Of course, even if lineage sorting has been achieved for all gene regions, the problem still remains that any individual gene phylogeny may not be representative of the species phylogeny, and that several gene phylogenies may tell different stories. So how do we infer a species phylogeny at all?
The relevant tools here are called species tree methods. The idea goes back at least to Maddison (1997), and a good overview has been provided by Knowles (2009). Basically, we need to examine several individuals per species instead of only one, and preferably several independent gene regions. The species tree methods then try to infer the most parsimonious or most likely explanation for how the present species would have ended up with their respective shares of the various gene trees. For example, under the assumption that lineage sorting gradually takes place over time, the MDC method searches for the species phylogeny where the inferred splits in the embedded gene trees are as recent as possible.

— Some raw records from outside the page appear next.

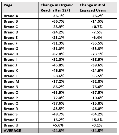 Аналитики Ignite Social Media также отмечают существенное уменьшение органического охвата постов в Facebook. Изучив 689 публикаций 21 крупного бренда, компания пришла к выводу, что на неделе, когда Facebook сделал заявление, охват упал в среднем на 44%.
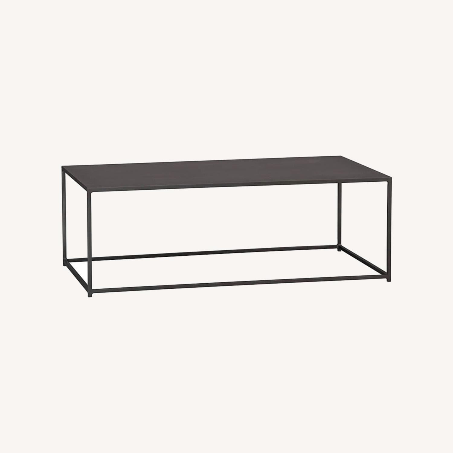 Seller's Notes:Modern, industrial very heavy duty iron coffee table with antiqued dark gray finish. Has some surface scratches as shown. Never othered me as I had the surface mostly covered in books. Needs to go! No space in new apt! Best offer!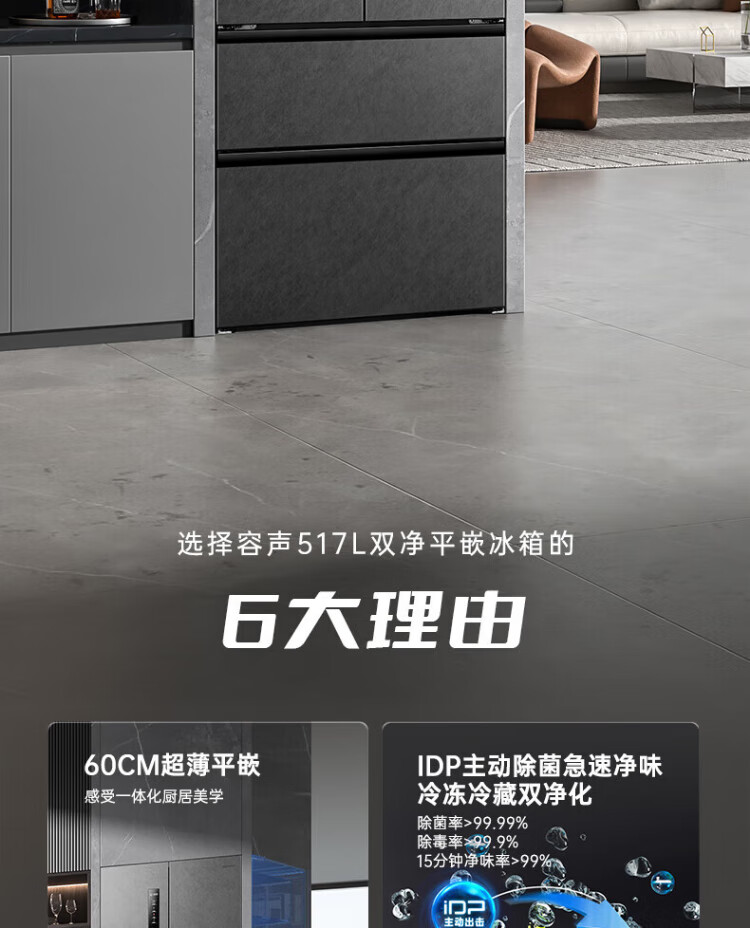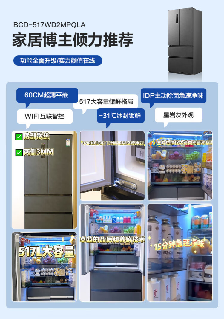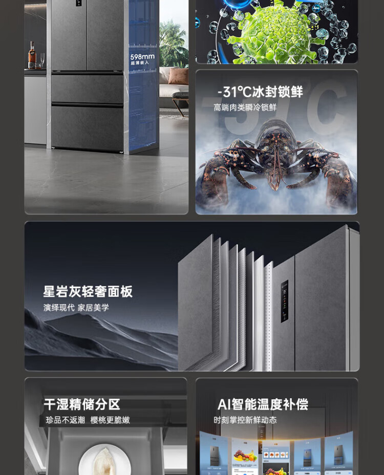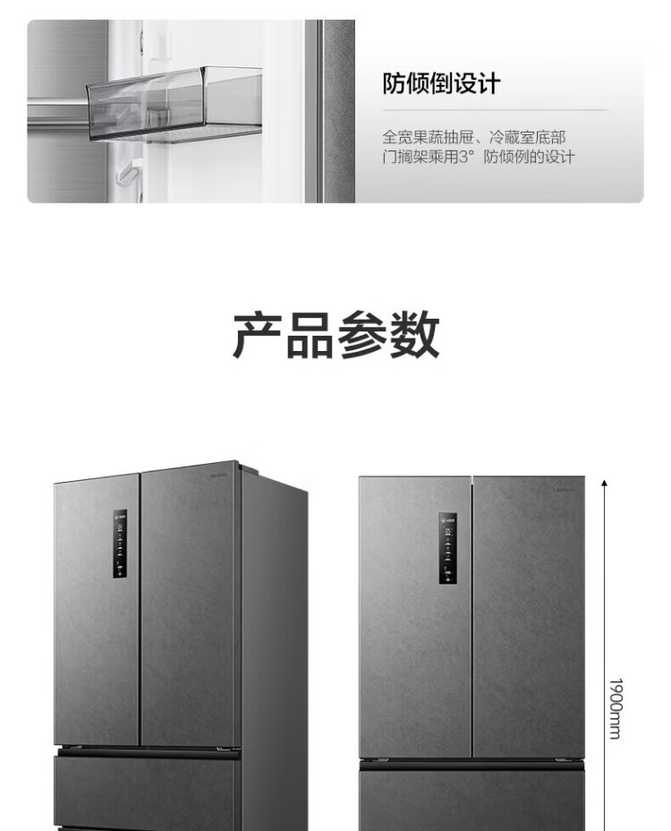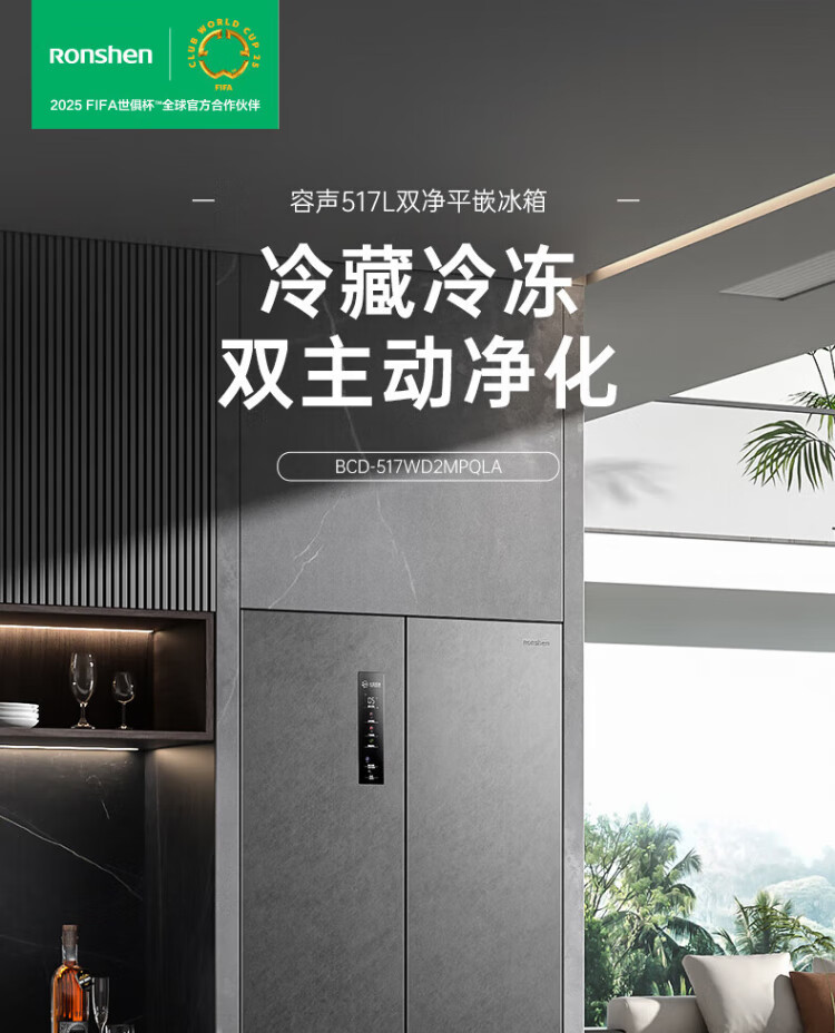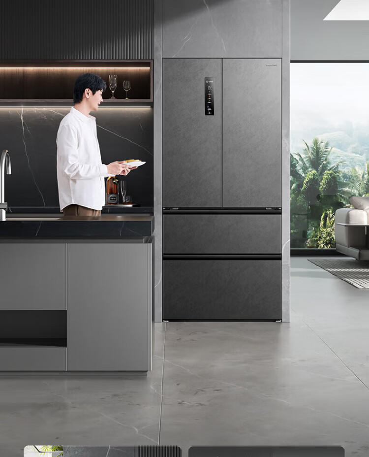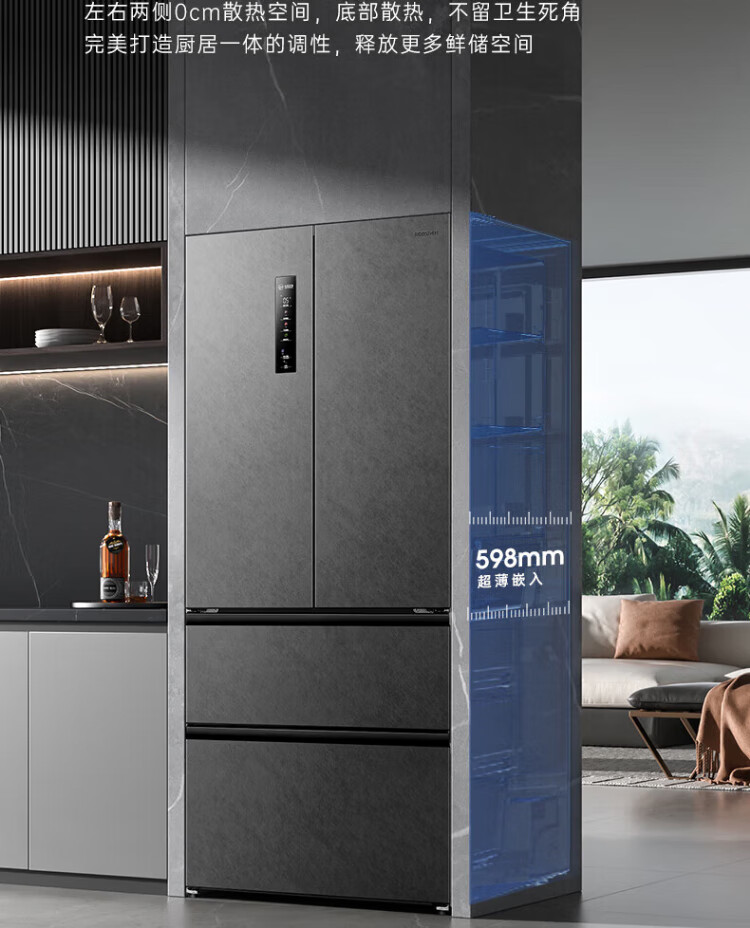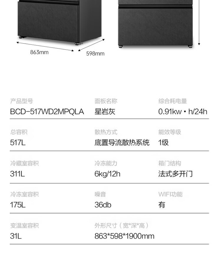Rongsheng 517-liter double-clean French multi-door refrigerator zero-embedded first-class energy efficiency air-cooled frost-free large capacity active sterilization gray bottom cooling state subsidy official flagship store BCD-517WD2MPQLA Star Rock Gray

Anyway, the details are not really important here and can be read up elsewhere. The take home messages are these:
- It is okay to infer high level phylogenies with one sample per species and few gene regions because there was more than enough time for lineage sorting to take place and for really big differences to accumulate between the reciprocally isolated lineages.
- But it is problematic to use the same approach at very low taxonomic levels, e.g. to examine relationships between very closely related species, because they will share some ancestral genetic diversity, because individual gene regions can be expected to tell you different stories, and because some of them can be expected to be incongruent with the real species phylogeny.
- Just concatenating all your data and ignoring the problem is not an acceptable solution. At best, you will end up with the wrong answer, at worst with nothing but a big polytomy.
- The solution is to examine several (>=10?) samples per species, preferably representing most of its geographic distribution, and to use species tree methods.
Knowles LL, 2009. Estimating species trees: Methods of phylogenetic analysis when there is incongruence across genes. Systematic Biology 58: 463-467.
Maddison WP, 1997. Gene trees in species trees. Systematic Biology 46: 523-536.